Thanks everyone I'm not familiar at all with html or c++ but I'm always willing to learn and love reading. So if you can post some of the sources you used I would appreciate it!


----------



## calisyde (May 19, 2011)

Use wordpress it is the easiest to start. You can see how mine works by going to Cali Syde Original | California Clothing


----------



## sawtooth420 (Jun 26, 2010)

milleniachyld said:


> Thanks everyone I'm not familiar at all with html or c++ but I'm always willing to learn and love reading. So if you can post some of the sources you used I would appreciate it!


This please


----------



## linlazo (Jun 20, 2011)

i suggest use wordpress + ecommerce solution or Magento. 
Magento rocks. 

they provide back end where you can edit your content, add/edit/delete products and provide you seo options to increase your traffic for organic search engine. hardcode css and html requires too much time and technical knowledge to develop a site.

just my two cents again.


----------



## onfrontstreet (Jun 13, 2011)

I would check out Ubercart, the Free Open Source E-Commerce Shopping Cart Solution / Software for Drupal, E Commerce to get started using Drupal/Ubercart. It's open source so its free to use. If you do not know any basic HTML/CSS/database stuff i would hit up Elance or Odesk to get someone to build one for you.
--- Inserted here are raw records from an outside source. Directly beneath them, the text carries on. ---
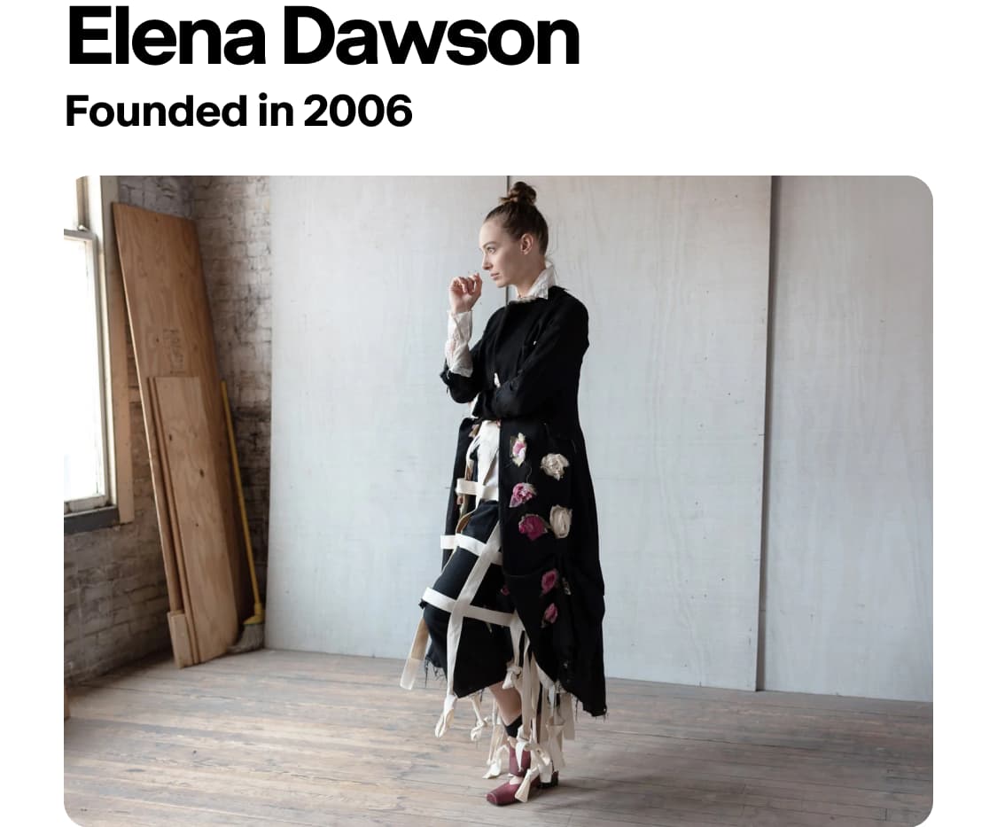 폴 한든의 핵심 파트너로 활약하며 의류 라인을 구축했던 엘레나 도슨(Elena Dawson)은 2006년 자신만의 미학적 세계를 완성하기 위해 독립했다. 그녀의 작업실은 14세기 건축물 안에 자리 잡고 있으며 그곳에서 그녀는 시간을 거스르는 ‘유령 같은’ 의복을 빚어낸다. 도슨의 옷은 빅토리안 시대의 낭만주의와 해체주의적 펑크가 기묘하게 공존하는 형태를띠는데, 특히 제작 공정 중간에 의도적으로 멈춰 선 듯한 ‘미완성’의 상태를 유지하는 것이 특징으로 마감되지 않은 솔기와 길게 늘어진 실밥은 옷에 기묘한 생명력과 역사성을 부여한다. 이는 어린 시절 할머니의 앤티크 재봉틀을 ‘타임머신’이라 믿었던 그녀에게 옷은 죽음과 의례, 그리고 사라져가는 것들에 대한 탐구다.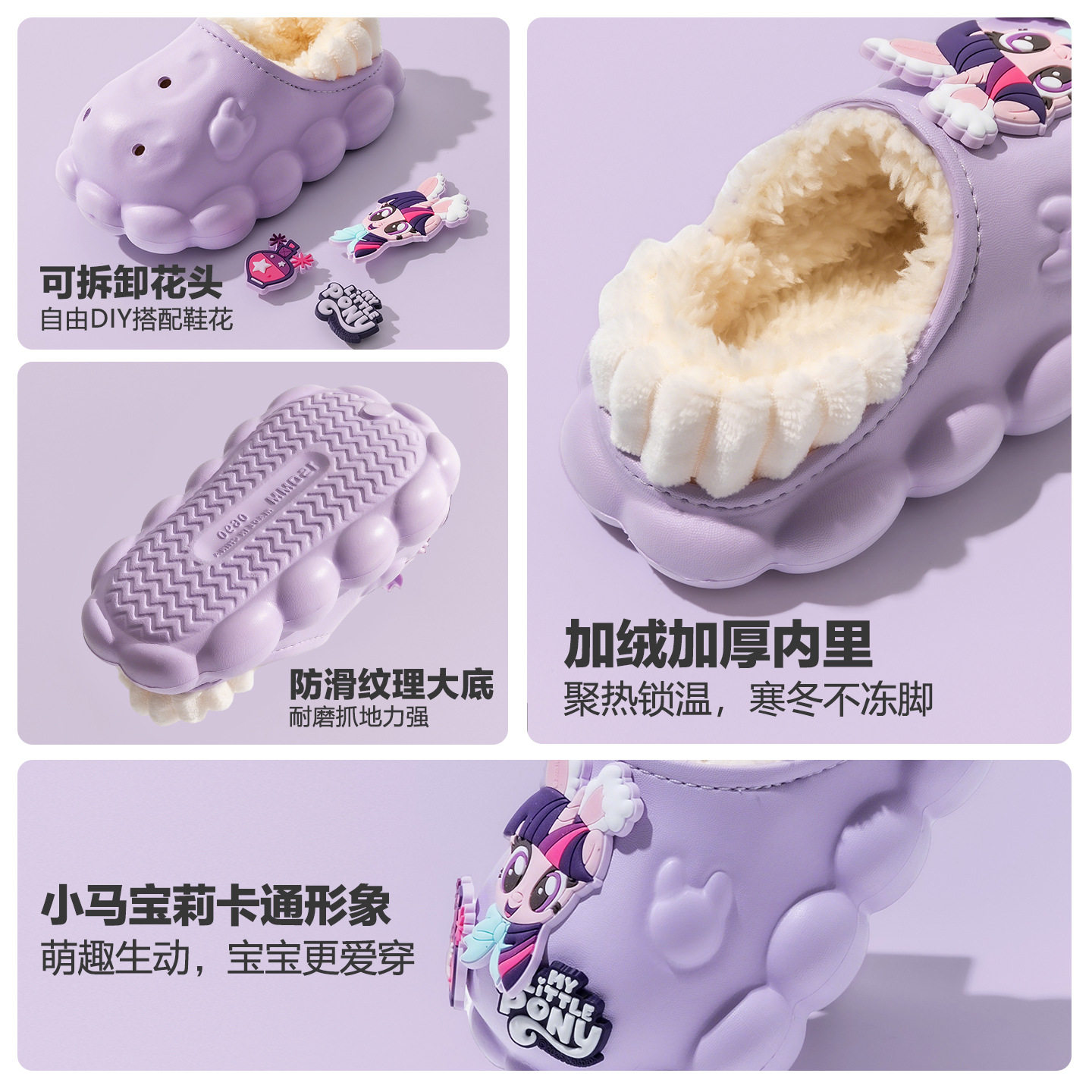 新款小马宝莉儿童棉拖鞋防滑秋冬季居家防水包头棉鞋室内女孩棉鞋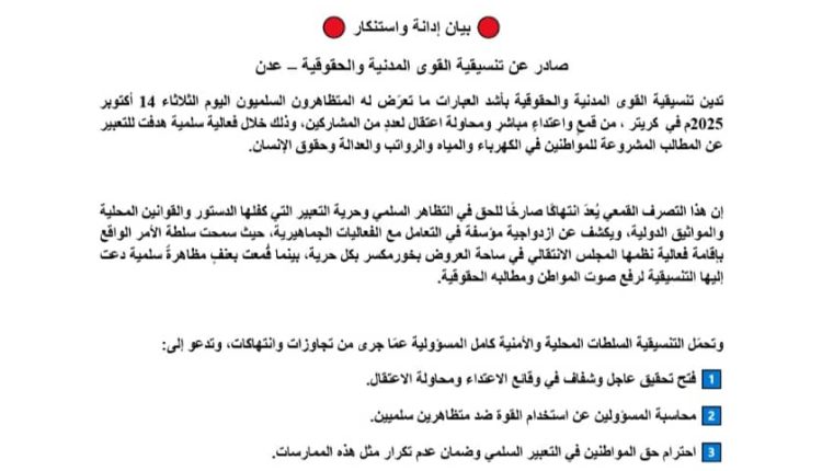 وفي بيان لها، أدانت “تنسيقية القوى المدنية والحقوقية” في عدن الاعتداء الذي استهدف المشاركين في التظاهرة، واعتبرته “انتهاكًا صارخًا لحق المواطنين في التظاهر السلمي وحرية التعبير”.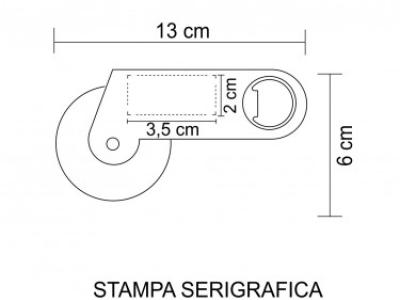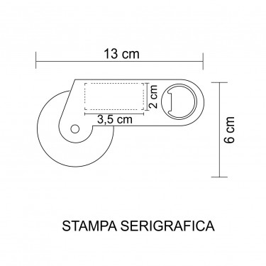 Aria di stampa max 3 x 2 cm con stampa in serigrafia/tampografia monocolore. Grafica fornita dal cliente o richiedere bozza fornendo il logo in alta qualità o in vettoriale, inoltre indicare colore preferito e colore di stampa.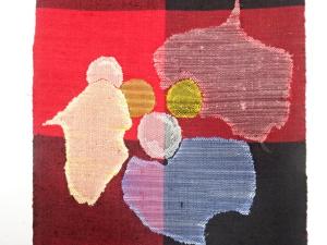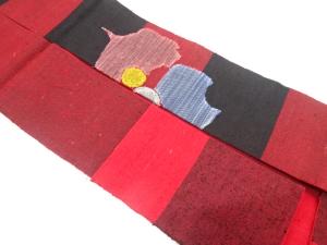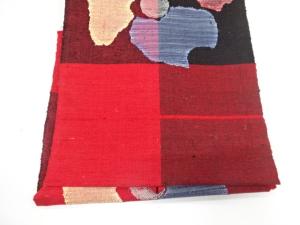 手織り真綿紬 抽象花模様織り出し 名古屋帯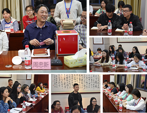 随后,周忠新与学生代表进行了面对面交流。针对18级旅游管理班同学提出的有些学生对待身边的人态度冷漠、不够有人情味的问题。周忠新指出,每个人都要有一颗感恩的心,没有感恩的心是成不了才的。同学们应该感恩拥有的一切,孝顺父母、友爱同学,与人为善、成人之美、助人为乐。针对17级计算机网络1班的同学提出希望开展更有意义的春秋游活动的问题。周忠新建议学工处可以组织同学们开展拓展训练,培养团结协作精神、提升集体荣誉感。针对商务信息技术学院的同学提出希望有机会参观湘商文化院的问题,周忠新当即表态,要求相关部门安排参观。针对18级商务英语班同学提出的较多同学缺乏自主学习能力的问题。周忠新指出,读书能够使人保持思想的活力,一定要经常思考“为什么读书”“读什么书”“怎么读书”的问题,激发自己内心对于知识的渴望,形成强大的自我驱动。他还给同学们推荐了《习近平的七年知青岁月》这本书,希望同学们学习习近平总书记在艰难困苦中努力创造条件、坚持刻苦学习的精神,通过“独上高楼,望尽天涯路”的积累、“衣带渐宽终不悔,为伊消得人憔悴”的坚持,最终到达“众里寻他千百度,蓦然回首,那人却在灯火阑珊处”的豁然贯通的学习境界。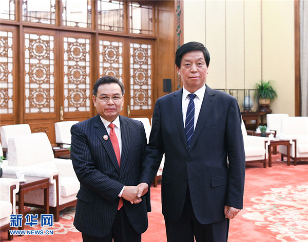 全國(guó)人大常委會(huì)委員長(zhǎng)栗戰(zhàn)書(shū)19日在人民大會(huì)堂會(huì)見(jiàn)老撾建國(guó)陣線中央主席賽頌蓬。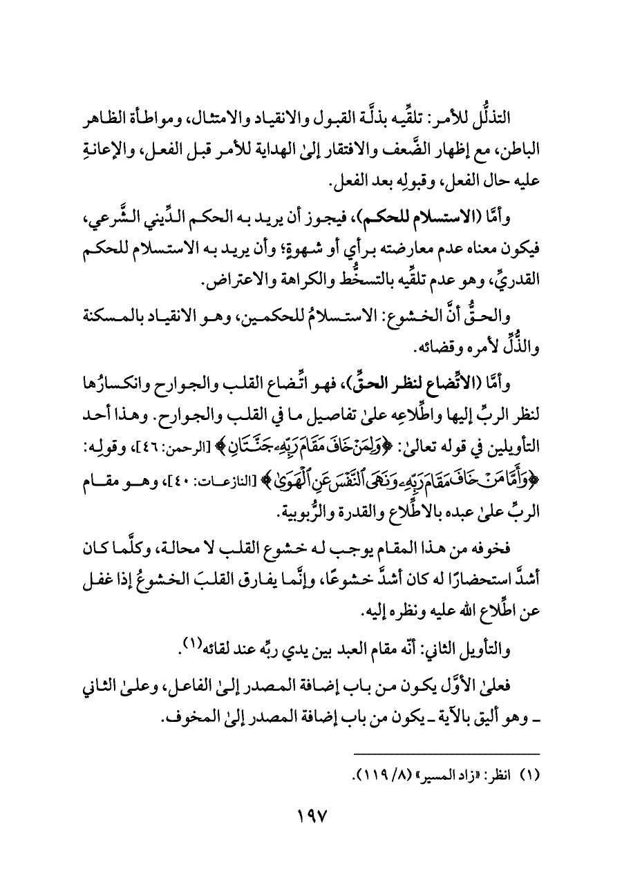 وأمَّا (الاستسلام للحكم)، فيجوز أن يريد به الحكم الدِّيني الشَّرعي، فيكون معناه عدم معارضته برأي أو شهوةٍ؛ وأن يريد به الاستسلام للحكم القدريِّ، وهو عدم تلقِّيه بالتسخُّط والكراهة والاعتراض.
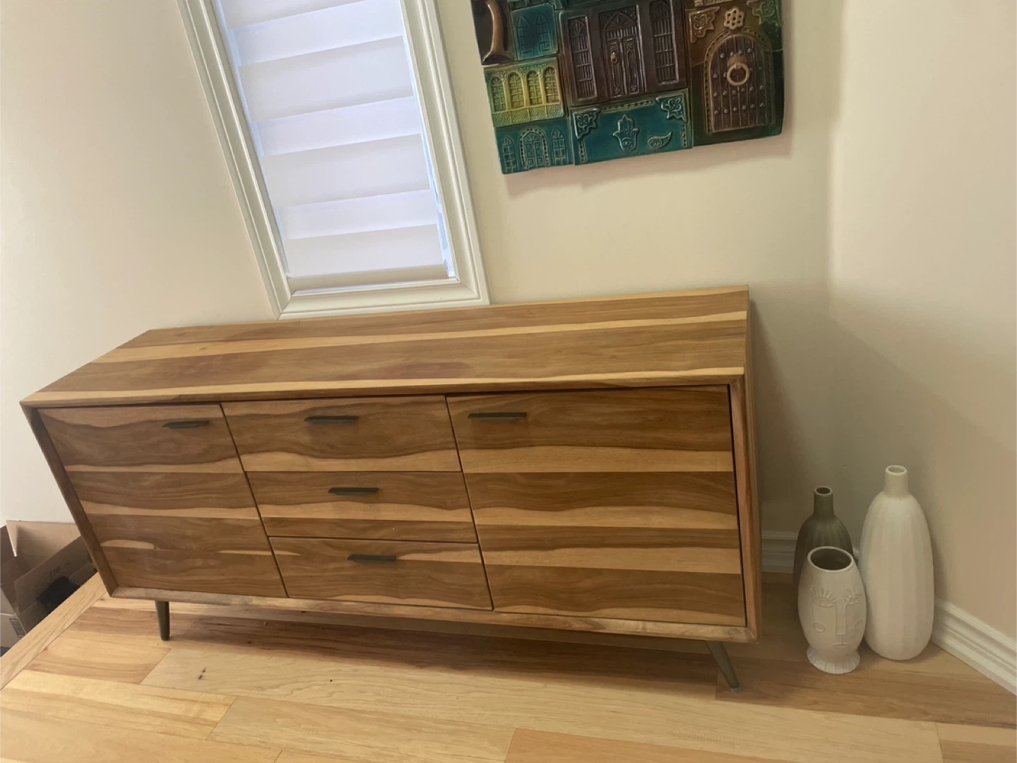 This stylish sideboard is made from solid wood with a unique striped grain pattern. It features six drawers for ample storage. The piece sits on slender metal legs. From structube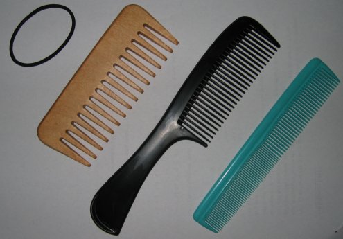 On the includes picture you see my comb I used in the first 8 months (the green one). It was harder and harder to get it through my hair without breaking it, so I bought a wide tooth comb (the black one). I wasn't satisfied with it, it was a comb with two parts and it hurt on my head so I figured it couldn't be good for my hair either, although it was better then my old one.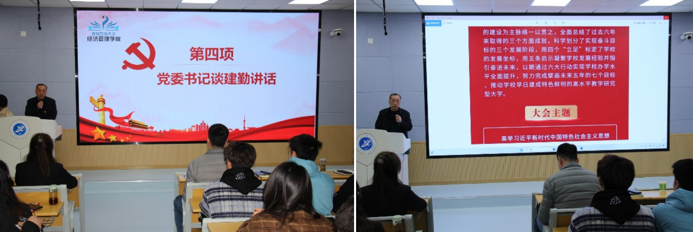 为深入学习贯彻习近平新时代中国特色社会主义思想和党的二十大精神,不断提升员工党建工作质量和水平,3月7日晚,英国365公司官网在鄠邑校区博览楼110教室举办员工党建工作办公室2023年度述职工作会暨新学期工作启动仪式。经济管理公司党委书记谈建勤、党委副书记王刚、员工工作办公室主任李博文、员工党建工作办公室指导老师王业林、员工党建工作办公室全体成员110余人参会。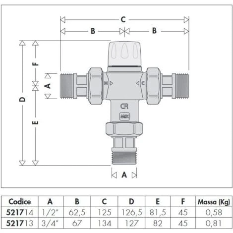 Mitigeur thermostatique réglable avec manette et dispositif avec sécurité anti-brûlure |Caleffi 5217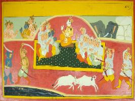 | Description / विवरण | Miniature painting based on Mahabharat - Gada parva depicting Krishna Pandvas and their sons are in conversation with Balram. At the lower left Duryodhan and Bhim is fighting in the way two bulls or two elephants fight with each other. At the lower right a king fighting with a demon. |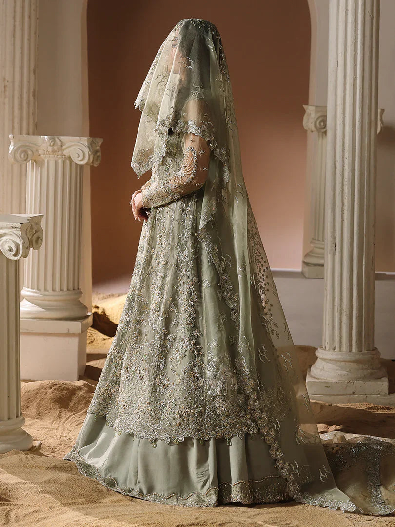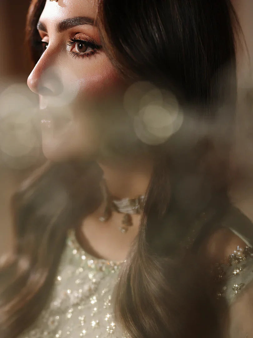 Organza maxi adorned with intricate sequin embroidery, handcrafted adda work, naqshi dabka work, cutdana stones, chainwork, crystals, and 3D floral embellishments.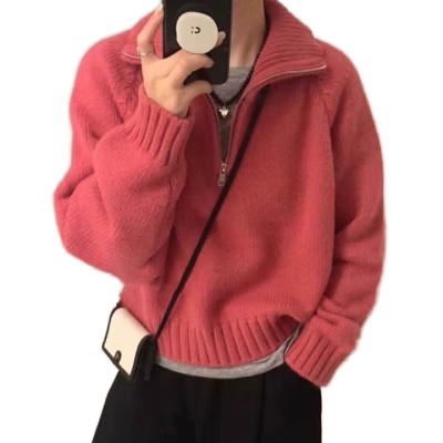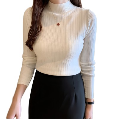 Women's Elegant Slim Short Knitted Long Sleeve Stand Neck Pullover Autumn Winter Solid Sweater Shirt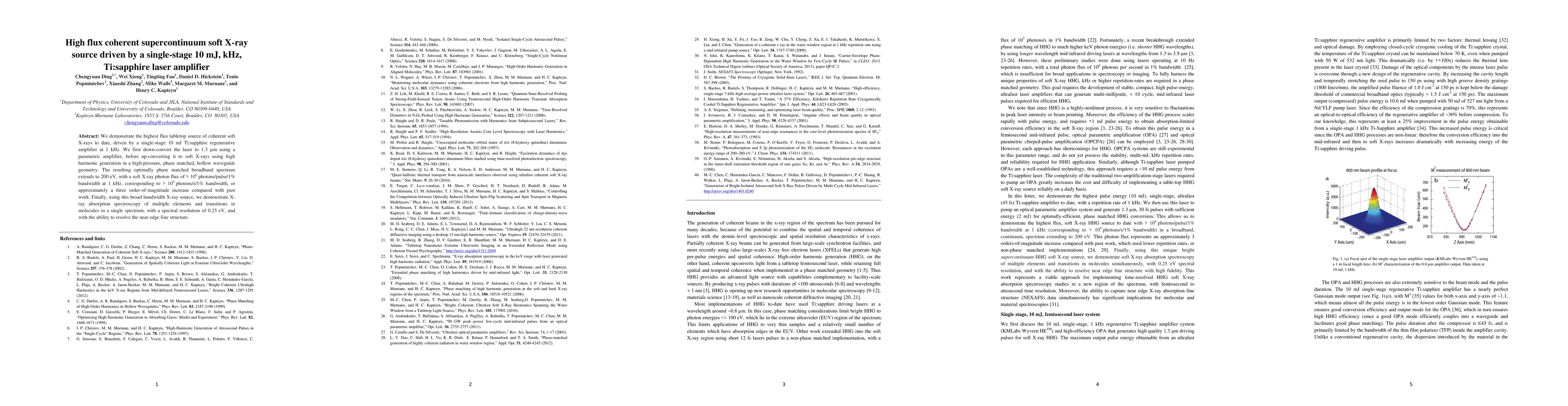 This paper demonstrates a high-flux coherent soft X-ray source generated by a single-stage Ti:sapphire laser amplifier, achieving a photon flux of >10^6 photons/pulse/1% bandwidth. The method involves down-conversion to 1.3 µm followed by high harmonic generation in a hollow waveguide, resulting in a broadband spectrum extending to 200 eV.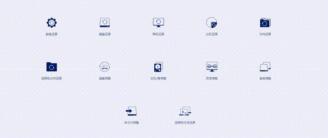 EasyBackup包含系统还原、磁盘还原、异机还原、分区还原、文件还原、选择性文件还原、磁盘克隆、分区/卷克隆、灵活克隆、系统克隆、命令行克隆等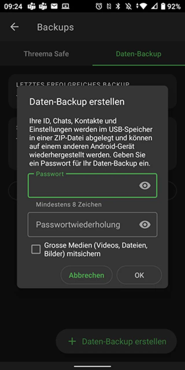 Datenbackup in Threema Android
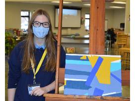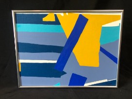 Painting of colorful shapes. This piece is done in acrylic paint and measures 12x16.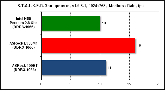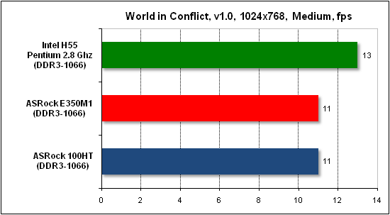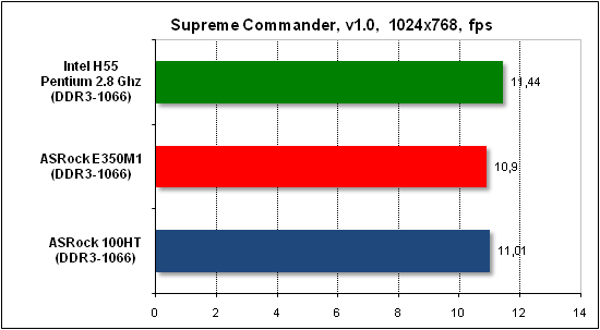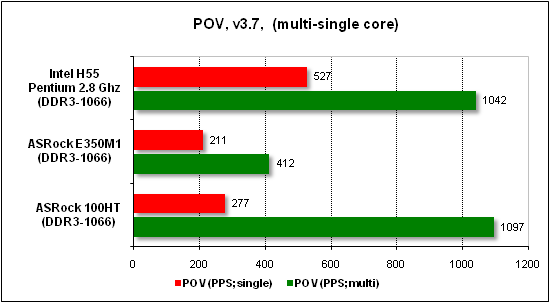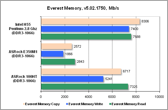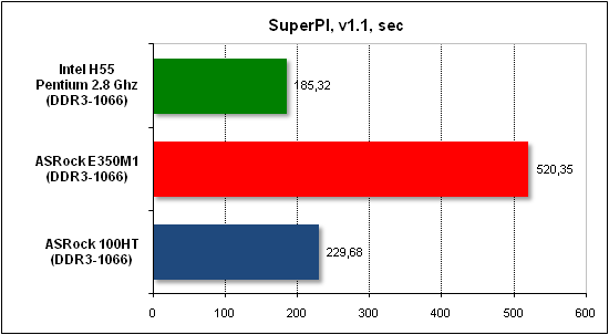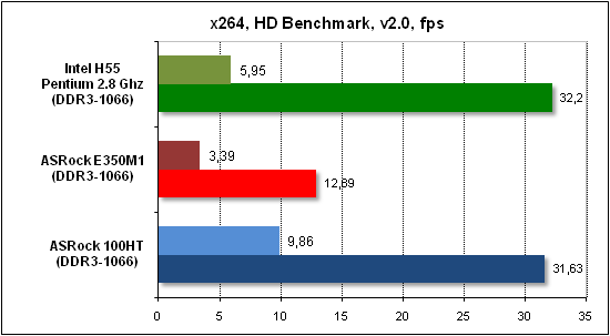 Прирост производительности новых чипов AMD позволил нам сравнить их скорость не с экономичными Intel Atom, а с более производительными системами. В частности, мы воспользовались результатами неттопа ASRock Core 100HT с мобильным процессором Core i3-330M (2,133 ГГц) и процессора Intel Pentium G6950 на ядре Clarkdale (2,8 ГГц, LGA1156). Кроме этого, мы заменили операционную систему Windows XP, которая является наилучшим решением для маломощных экономичных систем, на более ресурсоемкую Windows 7.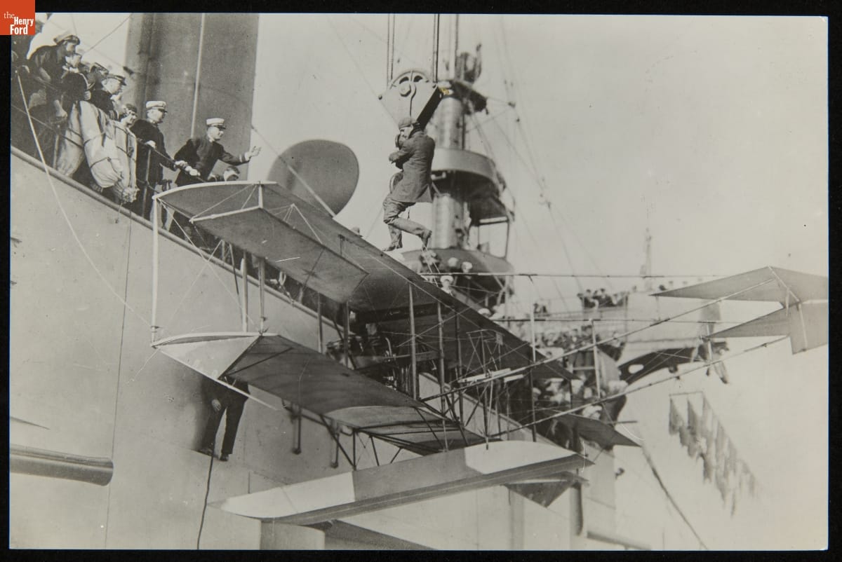 Glenn Curtiss and His Hydroaeroplane Being Hoisted Aboard the Armored Cruiser Pennsylvania, February 17, 1911

Or I could do it for you if you are looking for something similar to my store On Front Street


----------



## kojac (Mar 28, 2011)

wordpress is the way to go and it will be here for many years to come.


----------



## sawtooth420 (Jun 26, 2010)

Another really cool program that allows you to totally customize your own website, embed videos, use flash, java, HTML, choose your own shopping cart, helps work with google adwords, and you can pick your own host is a program by *Serif* called *WebPlus X4*. Check out the tutorials, forums, and other stuff. You can totally customize and manage your own site while the program writes code for you, or you can add code of your own if there is stuff you want to add. It takes a lot of leg work out of it. I strongly suggest checking it out.


----------



## MUK (Dec 2, 2010)

We used photoshop / dreamweaver.

It uses bigcartel's frontend to work but the site is fully custom.


----------



## cwall (Mar 20, 2010)

another plug for wordpress, all my stuff moving over that way now.



linlazo said:


> i suggest use wordpress + ecommerce solution or Magento.
> Magento rocks.
> 
> they provide back end where you can edit your content, add/edit/delete products and provide you seo options to increase your traffic for organic search engine. hardcode css and html requires too much time and technical knowledge to develop a site.
> ...


----------



## wekushexclusives (May 31, 2012)

Why don't you try to sign-up with X-cart: PCI-DSS compatible Shopping Cart Software & Ecommerce Solutions: X-Cart. Free shopping cart trial is available..


----------



## gorilladiver (Oct 25, 2011)

I used Magento to create my website, there are a lot of templates and extensions available to customize and add more features to your website. It has a steep learning curve, but once you figure it out it's easy to manage all of your products.


----------



## printingray (Apr 4, 2012)

For which purpose you need this site mean to ask for online business or just for company site ? If is this online business purpose then hire a web developing company for a professional site in return you'll got the customers well. If is this for only company site then use wordpress for this purpose, very easy to install and use.


----------



## kylec922 (Feb 16, 2012)

I'm using WordPress with a premium theme and woocommerce. Woo is great, I would recommend that all day. You don't need to know coding, though there will be kinks with almost any linking of plugins and themes you do, so a basic understanding helps. I know HTML, and if you don't it would take maybe a day tops to learn. That's all you really need to know, because then you'll start to pick up on certain things in the coding.


----------